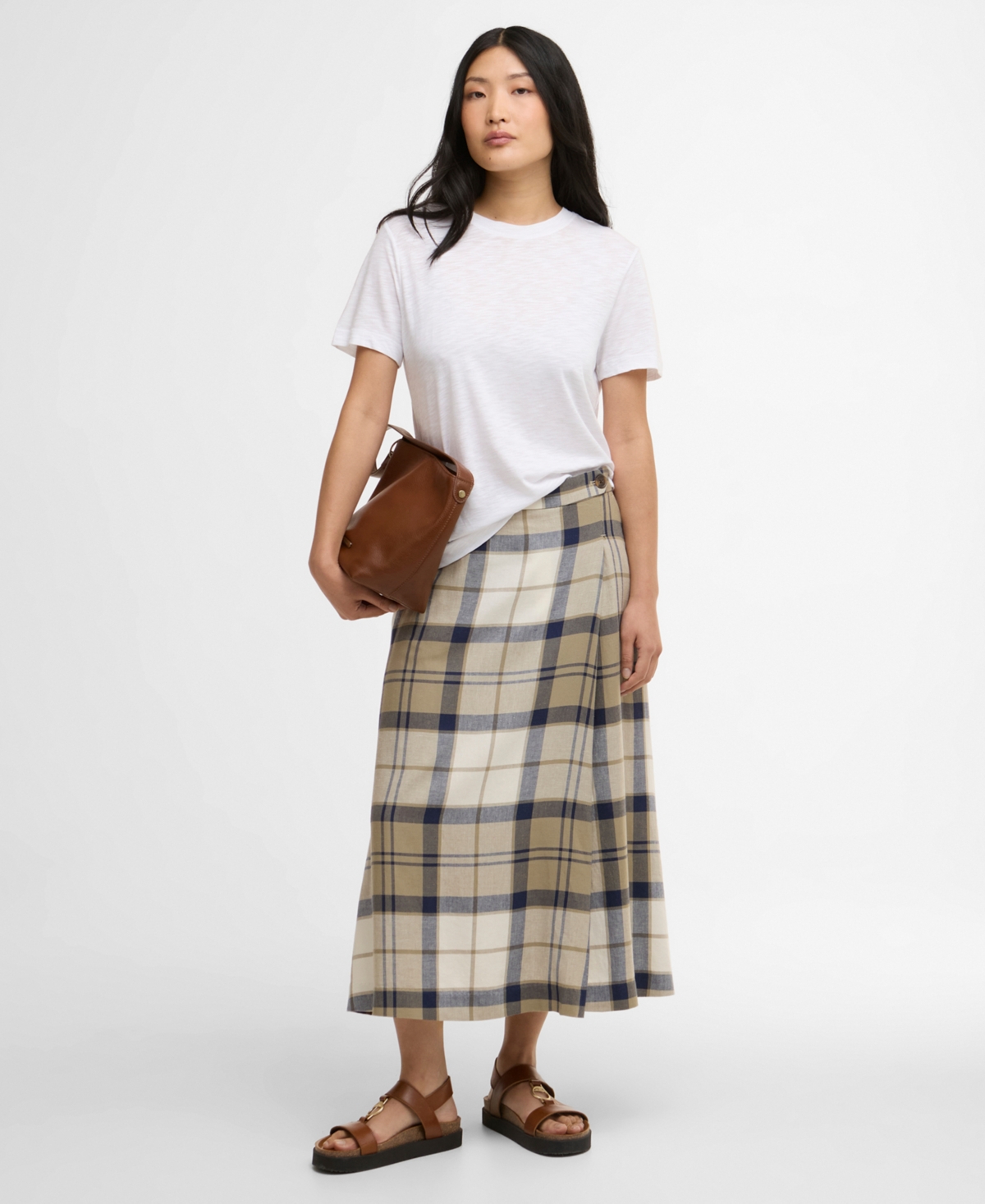 Classic tartan styling is showcased in this Barbour Ballina midi skirt, which features an A-line silhouette for a flattering, structured look. Designed with a mock wrap front and a center split for added ease, it also features side-entry pockets for everyday convenience.
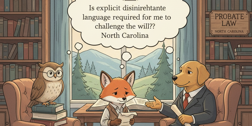 You’re asking whether a North Carolina will must expressly say you are disinherited before you can contest it. The will here gives all property to adult children and omits you; you were a minor when the will was signed. The issue is whether omission, without explicit disinheritance wording, affects your ability to challenge the will in probate.
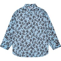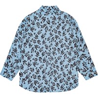 Classic light blue shirt in a soft and lightweight viscose. The shirt has a loose fit, collar, and mother-of-pearl buttons for closure. The sleeves have a cuff with a button fastening that matches the buttons on the front. The shirt features an all-over print of black birds flying on a light blue background.
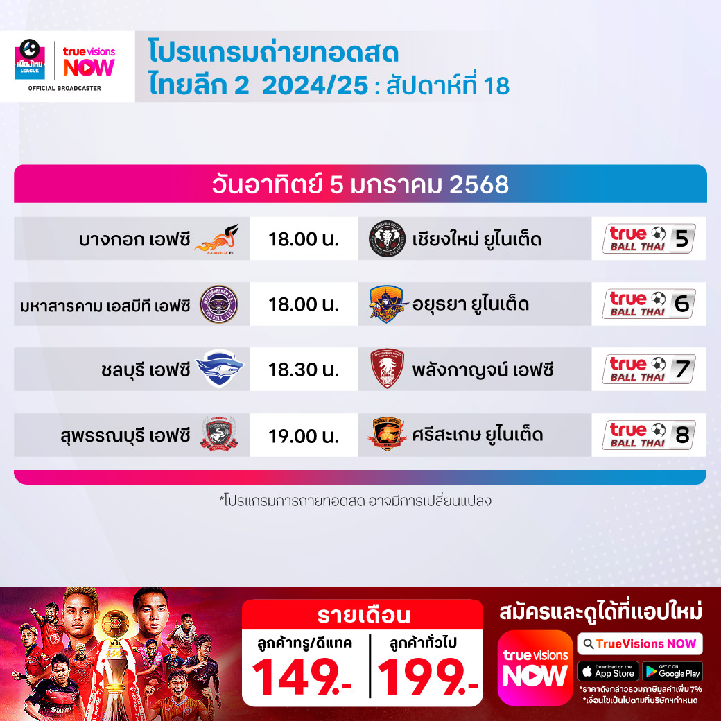 มหาสารคาม เอสบีที เอฟซี พบ อยุธยา ยูไนเต็ด เวลา 18.00-20.00 ทางช่อง True Ball Thai 6
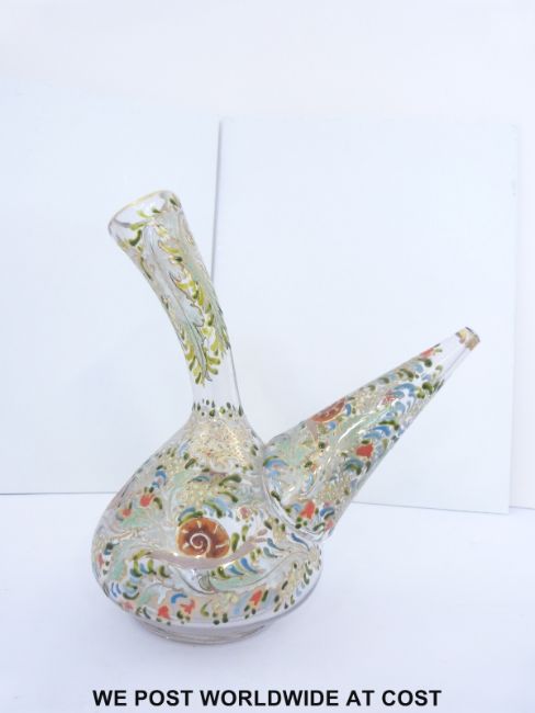 A Spanish glass porro wine pourer with Moser style enameling, 20cm tall
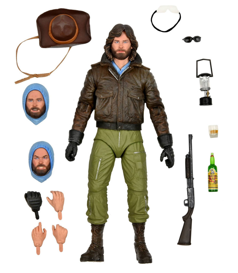 本作根據「R.J. 麥奎迪」的劇中造型,還原了深褐色的皮夾克、草綠色長褲、帶點捲度的中長髮......等外觀特點,頭雕部分也頗有年輕時「寇特·羅素(Kurt Russell)」的神韻,配件內容相當不錯,包含戴上帽子的頭雕、墨鏡、護目鏡、步槍、酒瓶、油燈、多個替換手等等,對於喜歡《突變第三型》的玩具人來說真的很可以收藏呀!而且依照 NECA 曾經推出過的商品內容來看,電影中那些恐怖怪物變成玩具立體化的一天也不是沒有可能呢。
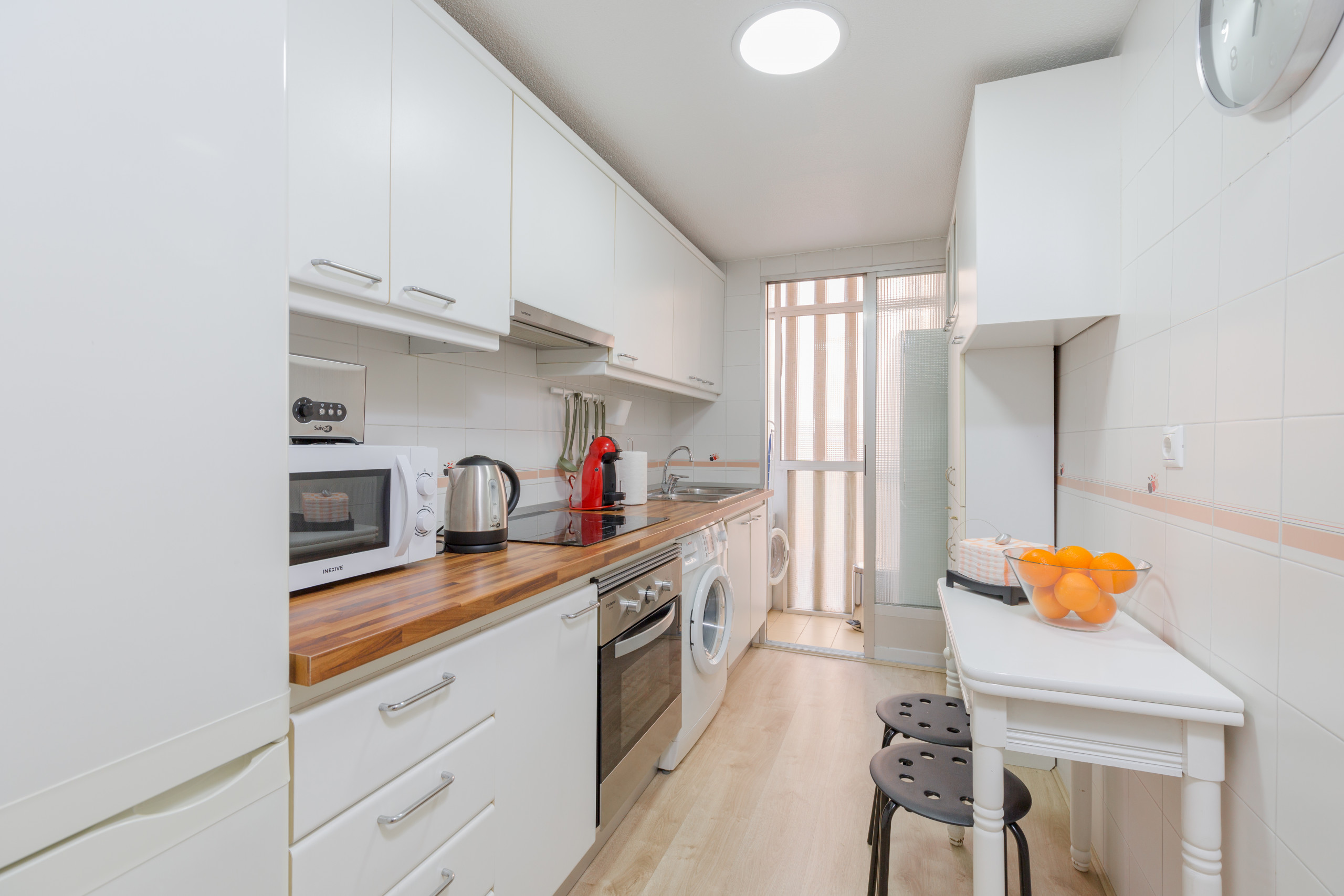 The apartment has a living room with flat screen TV and a sofa bed, spacious bedrooms with fitted wardrobes, kitchen with ceramic hob, fridge, oven, microwave, toaster, electric coffee maker, and kettle. Gallery with washing machine and dryer. The bathroom has a hairdryer and toiletries. Towels and bedding. Free Wifi connection in the whole establishment.

####

## WHAT THIS TASK INVOLVES:
In your copy, include no pictures, but set down every record exactly.

## YOUR RESPONSE:
 Classic tartan styling is showcased in this Barbour Ballina midi skirt, which features an A-line silhouette for a flattering, structured look. Designed with a mock wrap front and a center split for added ease, it also features side-entry pockets for everyday convenience.
 You’re asking whether a North Carolina will must expressly say you are disinherited before you can contest it. The will here gives all property to adult children and omits you; you were a minor when the will was signed. The issue is whether omission, without explicit disinheritance wording, affects your ability to challenge the will in probate.
 Classic light blue shirt in a soft and lightweight viscose. The shirt has a loose fit, collar, and mother-of-pearl buttons for closure. The sleeves have a cuff with a button fastening that matches the buttons on the front. The shirt features an all-over print of black birds flying on a light blue background.
 มหาสารคาม เอสบีที เอฟซี พบ อยุธยา ยูไนเต็ด เวลา 18.00-20.00 ทางช่อง True Ball Thai 6
 A Spanish glass porro wine pourer with Moser style enameling, 20cm tall
 本作根據「R.J. 麥奎迪」的劇中造型,還原了深褐色的皮夾克、草綠色長褲、帶點捲度的中長髮......等外觀特點,頭雕部分也頗有年輕時「寇特·羅素(Kurt Russell)」的神韻,配件內容相當不錯,包含戴上帽子的頭雕、墨鏡、護目鏡、步槍、酒瓶、油燈、多個替換手等等,對於喜歡《突變第三型》的玩具人來說真的很可以收藏呀!而且依照 NECA 曾經推出過的商品內容來看,電影中那些恐怖怪物變成玩具立體化的一天也不是沒有可能呢。
 The apartment has a living room with flat screen TV and a sofa bed, spacious bedrooms with fitted wardrobes, kitchen with ceramic hob, fridge, oven, microwave, toaster, electric coffee maker, and kettle. Gallery with washing machine and dryer. The bathroom has a hairdryer and toiletries. Towels and bedding. Free Wifi connection in the whole establishment.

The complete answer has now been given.